Founder and Executive Director
Ed Tiryakian, J.D., MBA, founded Dying Right NC in 2015 and is its Executive Director. He previously worked in international banking in Asia before retiring to his native NC.
He believes End of Life issues are one of society’s most pressing challenges, as we all live longer and the medicalization of the dying process continues to conflict with the individual’s right to choose their desired end.
Mary Jo Speer
Mary Jo Speer, Ed.D., RN, Founder, and Executive Director of the KMS Institute for Ethics and Social Justice, Board Member of Dying Right NC. She completed her Master’s and Doctoral work at UNC Charlotte with a focus on Applied Philosophy and Ethics as well as Educational Leadership with a focus on End-of-Life care issues. She had the privilege of caring for her mother for the last 2 months of her life; she died in her home with family surrounding her throughout the dying process. Mary Jo’s intention now is to enable others to have that same peaceful end of life experience as did her mother.

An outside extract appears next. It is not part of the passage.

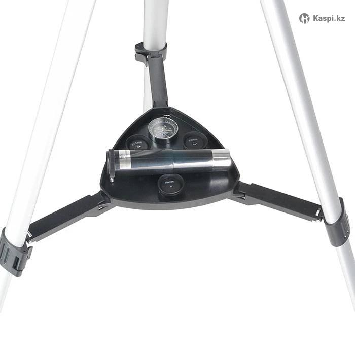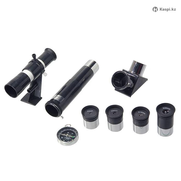 Тип телескопа: рефрактор (линзовый) Оптическая схема: ахроматическая (коррекция хроматических аберраций) Диаметр объектива (апертура): 60 мм Фокусное расстояние: 700 мм Относительное отверстие: f/11.6 Максимальное полезное увеличение: ≈ 120× (теоретически по оптике) Максимальное увеличение с аксессуарами: до ≈ 262× (с линзой Барлоу и самым коротким окуляром) Разрешающая способность: 2.1 угл.сек Максимально достижимая звездная величина: 12m Посадочный диаметр окуляров: 1.25″ Искатель: оптический 6×24 📍 Можно использовать и как астрономический телескоп, и как мощную зрительную трубу днем — для наблюдения наземных объектов. 🔭 С его помощью начинают наблюдения таких объектов, как: Луна — кратеры и рельеф поверхности. Планеты Солнечной системы — диски Венеры, Марса, фазы Юпитера и его спутники, кольца Сатурна (в зависимости от условий наблюдения). Яркие звездные объекты — отдельные яркие звезды и скопления до 12 m.

Mary Jo is a Certified End-of-Life Doula, building a practice to support her passion to assist the dying and their families. She has completed the program to be a MAID End-of-Life Doula certifying her to aid the dying process for those who choose to avail themselves of MAID legislation in jurisdictions where authorized.

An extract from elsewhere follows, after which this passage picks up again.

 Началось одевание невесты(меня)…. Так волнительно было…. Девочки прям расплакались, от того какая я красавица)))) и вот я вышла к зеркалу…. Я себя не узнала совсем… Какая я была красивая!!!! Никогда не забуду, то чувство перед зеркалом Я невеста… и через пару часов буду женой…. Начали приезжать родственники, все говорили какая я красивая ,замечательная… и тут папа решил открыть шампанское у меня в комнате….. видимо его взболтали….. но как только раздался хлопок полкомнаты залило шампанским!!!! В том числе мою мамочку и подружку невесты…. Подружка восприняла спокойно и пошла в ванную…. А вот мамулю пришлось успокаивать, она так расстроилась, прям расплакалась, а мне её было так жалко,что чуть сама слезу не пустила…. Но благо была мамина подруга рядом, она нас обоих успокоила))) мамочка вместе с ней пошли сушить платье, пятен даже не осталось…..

Mary Jo has been practicing Emergency Medicine for over 3 decades. She has held nursing licenses in 6 states, practicing in both Level 1 adult and pediatric Trauma Centers. She served as the Program Manager for the Center for Professional and Applied Ethics at UNC Charlotte. She most recently returned to clinical practice to be part of a COVID testing and vaccination team.
Contact Mary Jo at email@example.com
Dr. William Hazzard, Emeritus
Board Member Emeritus
Dr. Hazzard is an academic gerontologist and geriatrician at Wake Forest School of Medicine with a long-standing interest in Dying with Dignity based upon his experience in Oregon with a beloved sister, a victim of the last American polio epidemic, who died at 81 by self-administering a lethal dose of prescribed medicine, at her home, as he held her hand as she took her last breath.
Board Member and Media Relations
Jay Niver is a retired journalist and public relations consultant who became involved in the right-to-die movement.
Jay Niver is a retired journalist and public relations consultant who became involved in the right-to-die movement by supporting and chronicling his father's "final exit” in an award-winning documentary film. An Ohio native, Jay worked 30 years in the Carolinas before moving to Canada and returning after his wife's long, drawn-out surrender to terminal lung disease. He accumulated extensive experience in corporate and healthcare communications, as well as editing newspapers and specialized publications, after graduating from Northwestern University’s Medill School of Journalism.
Jay produces Final Exit Network's quarterly magazine, manages FEN's “Good Death Society Blog, and is a member of its speakers bureau.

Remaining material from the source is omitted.